MoS2/CNMs hybrid nanostructures for photo-electrocatalytic applications
- Zuzanna Bojarska,
- Marta Mazurkiewicz-Pawlicka,
- Łukasz Makowski
Designing and manufacturing new nanostructures with improved properties using modern techniques is a tempting prospect for nanotechnology. Molybdenum disulphide (MoS2) is a widely used 2D nanomaterial. MoS2 found various applications such as a dry lubricant, in catalysis, hydrogen storage, and others. MoS2 can be an excellent candidate for being combined with carbon nanomaterials (CNMs) to obtain new hybrid nanostructures with outstanding properties including higher photo- and electrocatalytic activity. The aim of the conducted research was the preparation of hybrid nanostructures formed from MoS2 and CNMs such as graphene oxide, reduced graphene oxide, and carbon nanotubes. The nanostructures were synthesized in a continuous flow reactor. Physicochemical analysis of obtained materials was carried out, using various analytical techniques: FTIR spectroscopy, thermo-gravimetric analysis, X-ray diffraction, Raman spectroscopy, and scanning electron microscopy. Furthermore, the obtained materials were analysed in a photo-electrochemical system for further application in catalysis. Synthesis of hybrid nanocomposites MoS2/CNMs in the continuous flow reactor is a proper method allowing to easily obtain product with desired properties.
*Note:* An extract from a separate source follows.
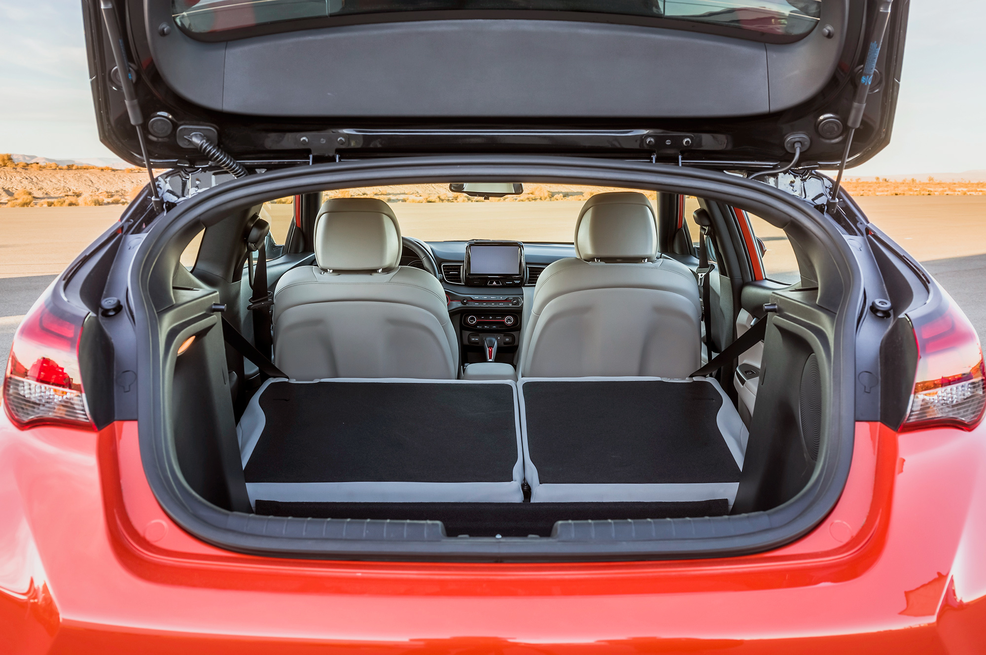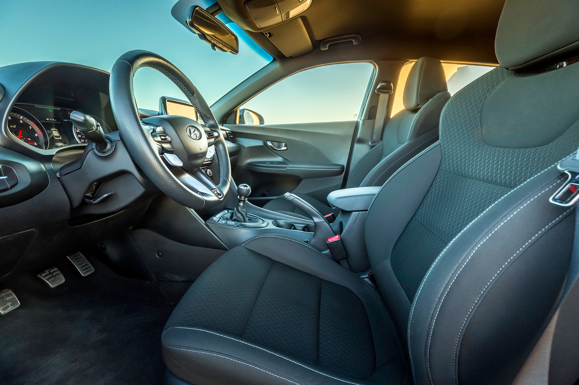 «Четвёрка» 2.0 с непосредственным впрыском и двухступенчатым впуском выдаёт 275 сил и 353 Н•м и трудится в паре с шестиступенчатой «механикой». О динамических характеристиках компания пока молчок, но известно, что Hyundai i30 N пакетом Performance до сотни ускоряется за 6,1 с при максимальной скорости 250 км/ч. По умолчанию на Veloster N ставится система выбора режимов движения N Grin Control (Normal, Sport, N, Eco и N Custom). Меняются калибровки двигателя, акселератора, выпускной системы с клапанным регулированием, рулевого управления и системы стабилизации, а также адаптивных амортизаторов и электронноуправляемой блокировки, которые входят в список базового оснащения.

The conducted research has shown that the addition of CNMs to MoS2 promote the charge transport of MoS2, due to their high electrical conductivity and large surface area.
- Record ID
- Publication type
- Article number
- EYEC Monograph: 9th European Young Engineers Conference, 2021, Warszawa, Politechnika Warszawska, Wydział Inżynierii Chemicznej i Procesowej, 183 p., ISBN 978-83-936575-9-9
- Keywords in English
- molybdenum disulphide, carbon nanomaterials, micromixers, photocatalysts, tribological properties
- eng (en) English
- Score (nominal)
- Additional fields
- Uwagi: This work was supported by the National Science Centre (No. 2017/27/B/ST8/01382) and the Excellence Initiative – Research University (No. 1820/11/Z01/POB5/2020).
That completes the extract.